Paste the selected sequence into the Sequence Entry box. If the alignment created spaces, delete those from the sequence. Select qPCR 2 primers probe in the Choose Your Design option, then download the recommended assays.
Copy the sequences from the forward primer of the first assay, and search for this primer sequence in the previously created alignment. If using Geneious Prime, use the Annotate Predict tool to add the primer region to the alignment. Do this for all the primer and probe combinations.
Inspect these regions of the alignment for variation within the target species, as well as within the co-occurring species. Test primers in silico through NCBI's Primer-BLAST. Paste primers to the use my own primer box under Primer Parameters.
In the Primer Pair Specificity Checking Parameters options, select NR as the Database and type the taxonomic order or family of the organism of interest in the Organism box. Ensure that the selected primers are not likely to amplify non-target species. Test assay efficiency in vitro by creating a standard curve and determine the curve's efficiency and linear range.
Test at least six ten-fold dilutions of a synthetic DNA standard containing the target sequence, at approximately one to a million copies per reaction. Use the qPCR software to plot the CQ value of each standard on the Y axis, and the log base 10 of the initial standard concentration in copies per reaction on the X axis. The qPCR software should automatically run a linear regression.
Calculate the efficiency from the slope of the regression. Visually inspect the standard curve for bias or for poor performance, as measured by efficiency and R squared values. Use an internal positive control to test for PCR inhibition of actual field samples, which can lead to a decrease in sensitivity and false negatives.

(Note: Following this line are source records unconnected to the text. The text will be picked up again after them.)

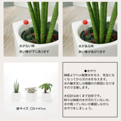 育てやすい観葉植物です。 ◆品種 1~12の中かからオススメの観葉植物をお届けいたします。 1 シェフレラ 2 クロトン 3 パキラ 4 コルジリネ 5 ポトス 6 ペペロミア 7 ドラセナ・コンパクタ 8 サンセベリア 棒タイプ 9 トラディスカンチア 10 ヘデラ 11 ピレア 12 サンセベリア・ハイブリッド ※画像と異なる色違いでの植物でのお届けの場合もございます。予めご了承ください。◆植え込み材料 ハイドロコーン ハイドロコーンは粘土に空気を含ませて焼き上げた発砲煉石です。 清潔で何度でも使え保水性、通気性に優れた栽培用土です。 ◆材質/大きさ 鉢材質:陶器 鉢サイズ:□8×H7cm 植物を含む大きさ:約W6~25×H15~23cm ※植物により大きさや樹形は異なります。◆水やり 鉢底より1cm程度水を与え、完全になくなってから次の水を与えます。 水の継ぎ足しは根腐れの原因になりますので注意します。 こちらの商品は水位計付きです。 水がなくなると赤い棒が下に下がります。 水やりは赤い棒が水位計の真ん中になるぐらい水を入れます。 水位計はあくまで目安です。 時々は鉢底の水が汚れていないか、水が残っていないか確認しながら水やりをしましょう。 ◆管理方法 直射日光を避け、レースのカーテン越し程度の光のある、風通しの良い場所に置いてください。 冷暖房の風が直接当たらないように注意します。 冬場は10℃以上を保てる場所にしましょう。 霧吹き等で定期的に葉水を与えましょう。 ■生産者の声 新鮮な植物を農場から直接お届けいたします! 緑のある暮らしを始めませんか? ■注意事項/その他 冬季の寒波など天候により出荷日を変更させていただく場合がございます。 到着後はすぐに開封してください。 ※画像はイメージです。撮影小物はお届け品ではございません。 ※1~12のうち選択はできません。 お礼品の特性上、暑さ・寒さが厳しい地域へお届けの際は、 お礼品の品質を維持できないことがございます。あらかじめご了承ください。
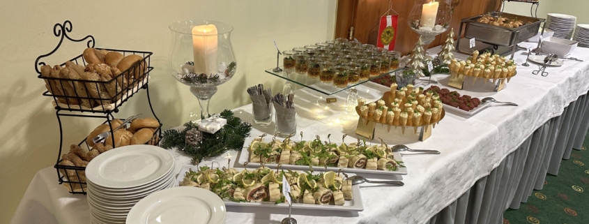 Vorab ein Gläschen Punsch, dann warme Suppen und köstliche Schmankerl vom Buffet werden geboten, begleitet von einer Auswahl an aktuellen Weinen unserer Weinbrüder.
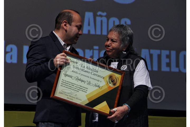 CIUDAD DE MÉXICO, 05OCTUBRE2018.- El centro cultural de la delegación Venustiano Carranza se convirtió en la cede del festival Octubre Negro, en la que, en esta edición se dedicó a los 50 años del movimiento estudiantil del 68, ofreciendo reconocimiento a Ignacia Rodriguez Márquez, alias “La Nacha Rodríguez”, sobreviviente del comité 68. El evento presidió Ricardo González, organizador del festival y Julio César Moreno, alcalde de la delegación. Octubre Negro tendrá muestras de cine, música, literatura que terminará hasta el 03 noviembre del año en curso. FOTO: ANDREA MURCIA /CUARTOSCURO.COM
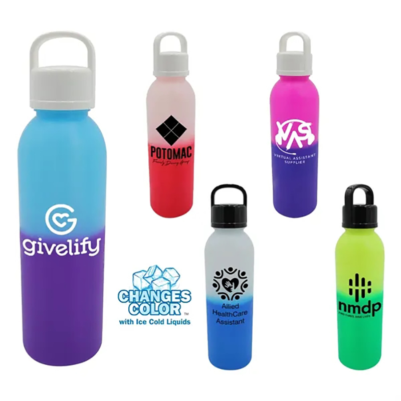 *NEW* Changes color with ice cold liquids. Handle lid for convenient carrying. top shelf dishwasher safe. Bpa free. Size: 10.75“ x 2.75“. Average shipping .70 per piece. Colors may be assorted every 125 pcs. Maximum imprint area 1.75” x 5.5”. Set Up: $48
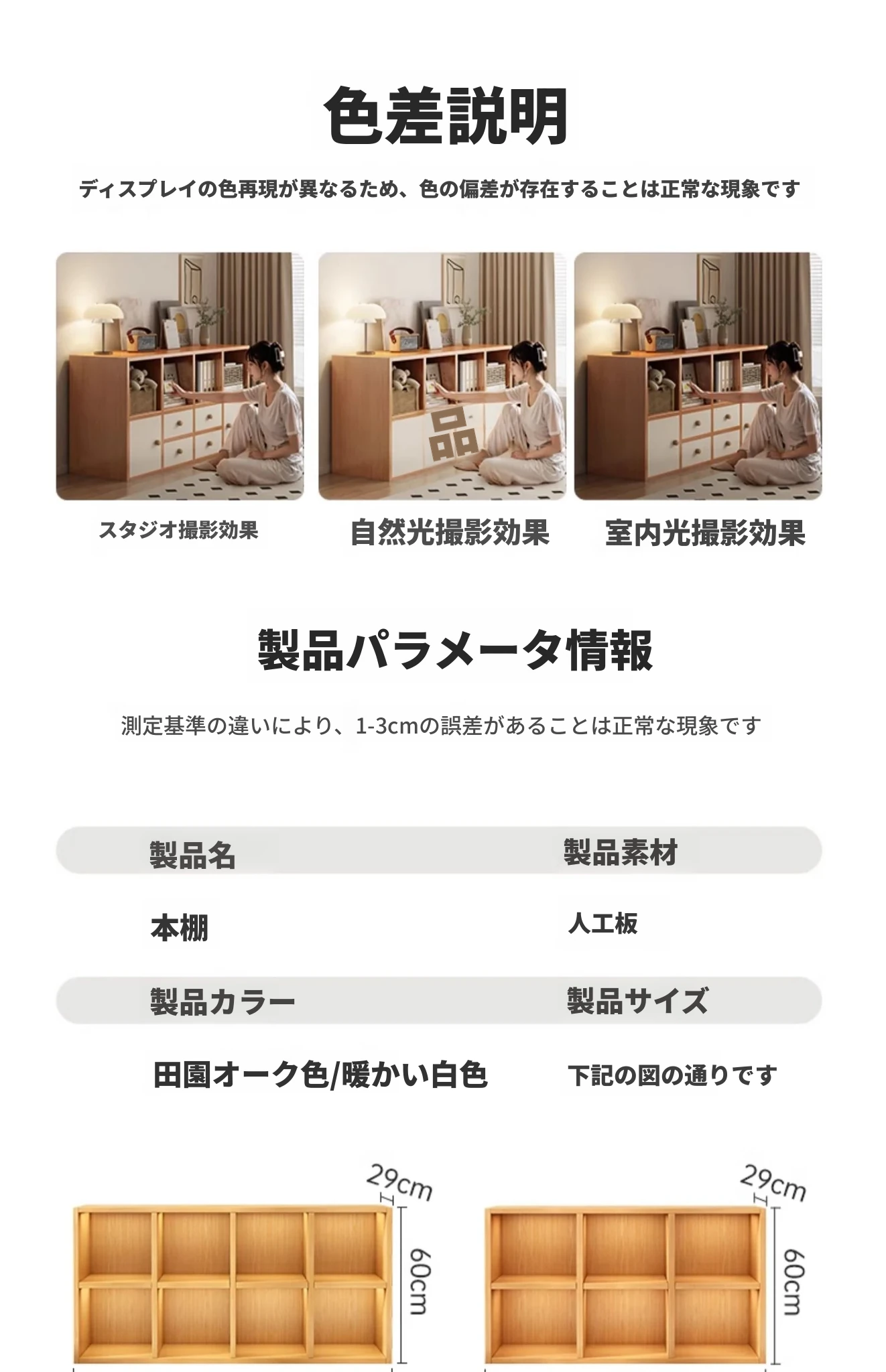 【4格タイプ 品質密度板】ナチュラルウッド色60*29*60cm

Determine the limits of detection and quantification for each assay. Test assays with non-target species to verify specificity, and make sure that the assay performs well with an IPC multiplexed. Assays with good sensitivity, specificity and efficiency can move on to the next steps.

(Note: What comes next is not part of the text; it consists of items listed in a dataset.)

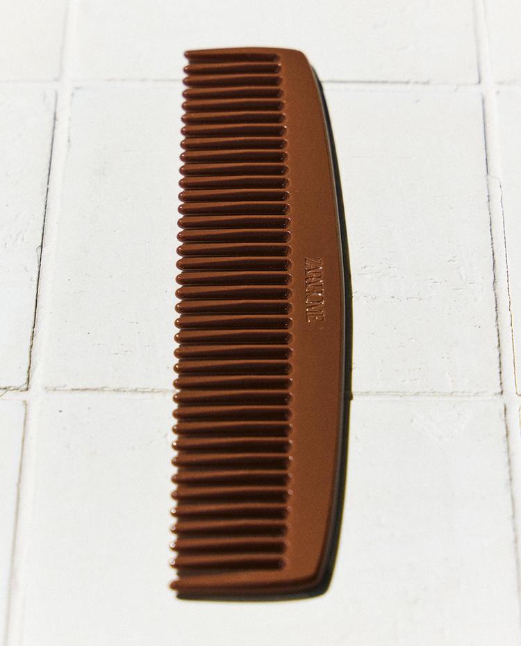 Pente de cabelo fabricado em acetato com acabamento translúcido, design alongado de linhas retas com dentes finos e uniformes e superfície polida de toque suave.
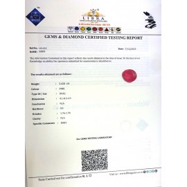 REPORT.NO.-LR 282CLARITY.-N/ACOLOUR.-PINKSHAPE/CUT.-OVALWT.-5.94 CTSDIMENSION.-9.9-9.2-6.7R.INDEX.-1.76-1.76HARDNESS.-9.0COMMENT.-RUBY..
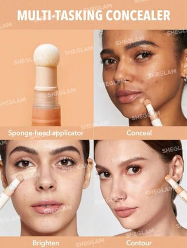 SHEGLAM - كونسيلر معزز للبشرة من شيجلام - مع أداة توزيع برأس اسفنجي - تركيبة عالية التغطية (شيل)
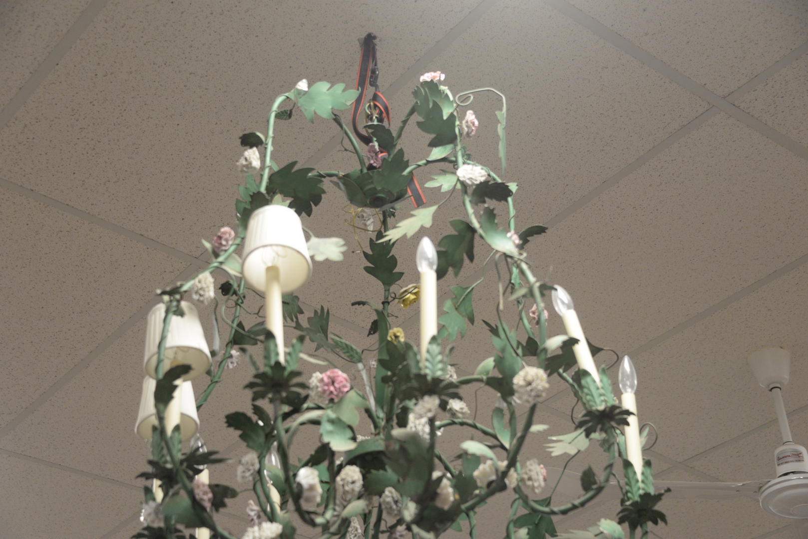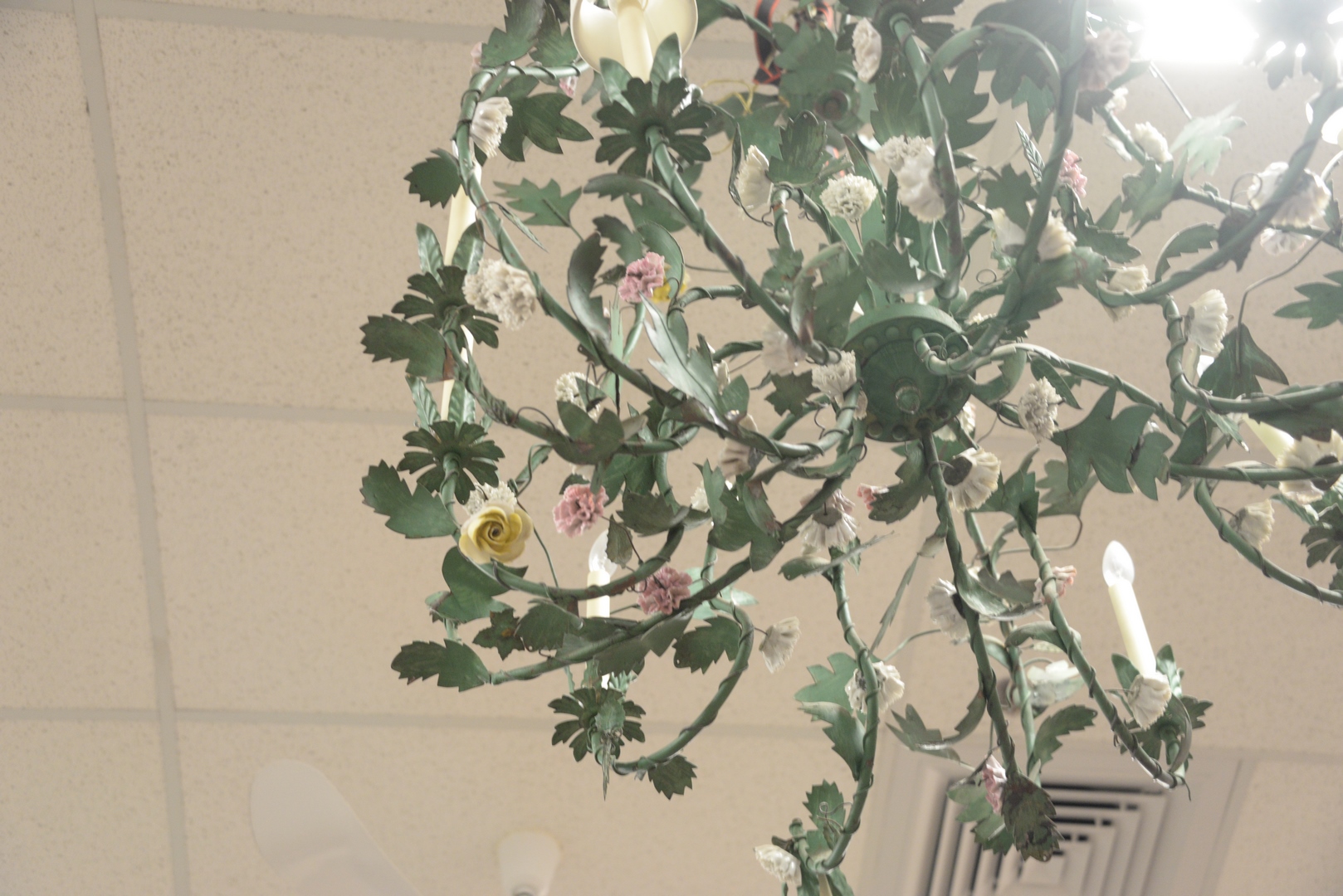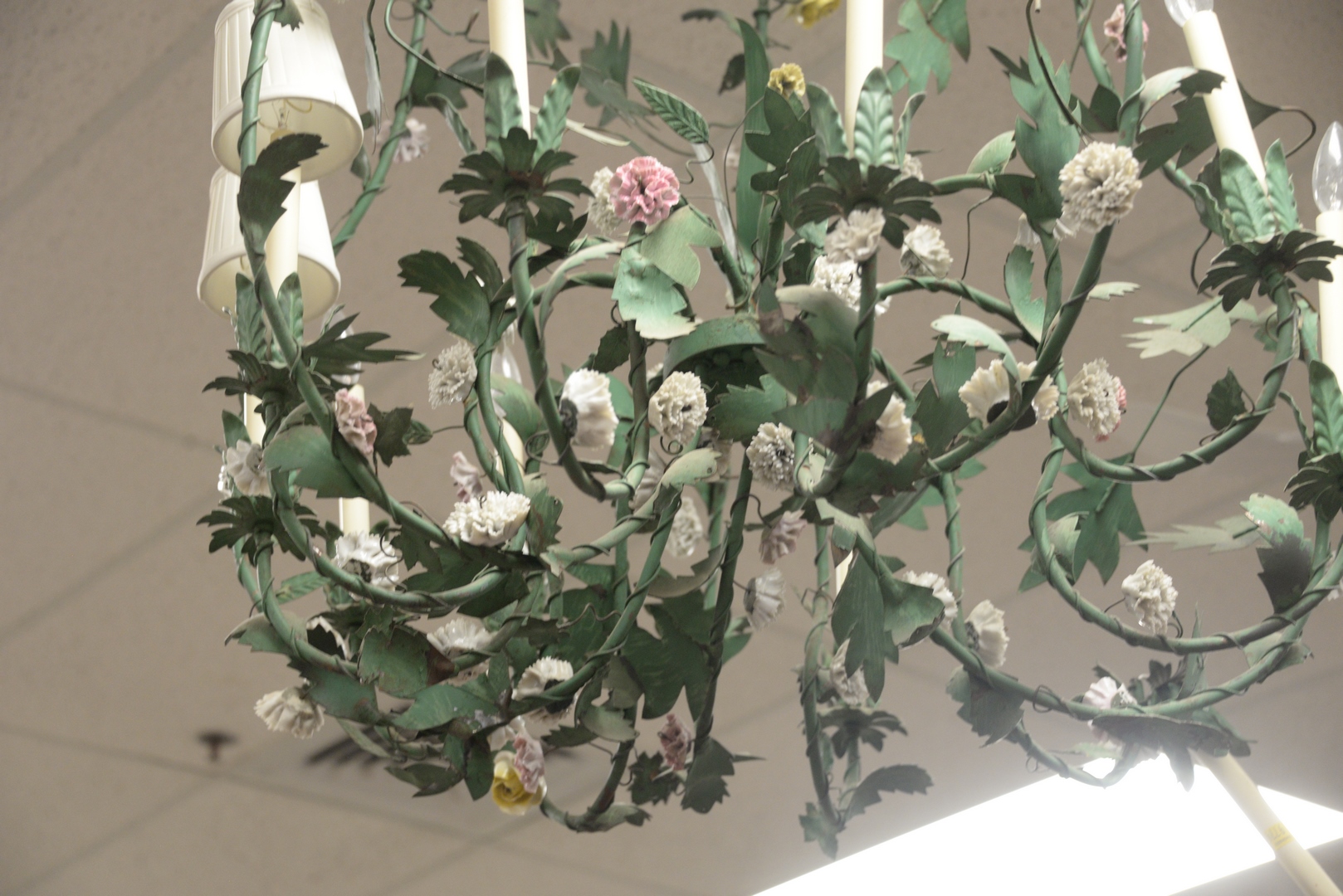 Lot 313: Louis XV Style Porcelain-Mounted Told Ten-Light Chandelier, height 4 feet, diameter 34 inches.
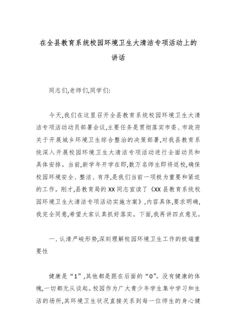 在全县教育系统校园环境卫生大清洁专项活动上的讲话

To perform in situ testing of the assay, obtain multiple water samples and process them for qPCR. Run the quantitative PCR assay and compare eDNA concentration and detection frequency with known site differences in occurrence and abundance. Confirm all detections by sequencing.
Available sequences of all Unionidae species in the Clinch River were downloaded and aligned. After designing multiple assays, five sets of primers and probe were added to the alignment for visual assessment. The primer and probe sets were tested in silico and in vitro.
In the lab, all assays were tested using DNA extractions of 27 available species to verify specificity. One assay successfully amplified only the target species. A successful assay with good efficiency and R squared values is shown here.
The LOD and LOQ for the selected assay were both five copies per reaction. In contrast, assays that produced a standard curve with poor efficiency were discarded. In a quality qPCR, the standard dilutions amplify at evenly spaced cycle quantification values of approximately 3.3 cycles for each ten-fold difference in concentration.
In a poor qPCR, standards may exhibit uneven variation in cycle quantification values between dilutions. IPC amplification for unknown samples should be compared to the results of the negative template control IPC. If no inhibitors are present in the samples, all IPC amplification should have a tight grouping in the plot, with cycle quantification values nearly the same as the no template control.
For in situ testing of the assay, location sites included the bottom of the mussel bed in stream, bottom of the muscle bed near shore, 100 meters downstream of the bed in stream, 500 meters downstream of the bed in stream, and 500 meters downstream of the bed near shore. Quantitative PCR assays for environmental DNA can aid in the monitoring of both invasive and endangered species, as well as improve our understanding of the spatial and temporal changes in species detection without having to physically capture the individual organism.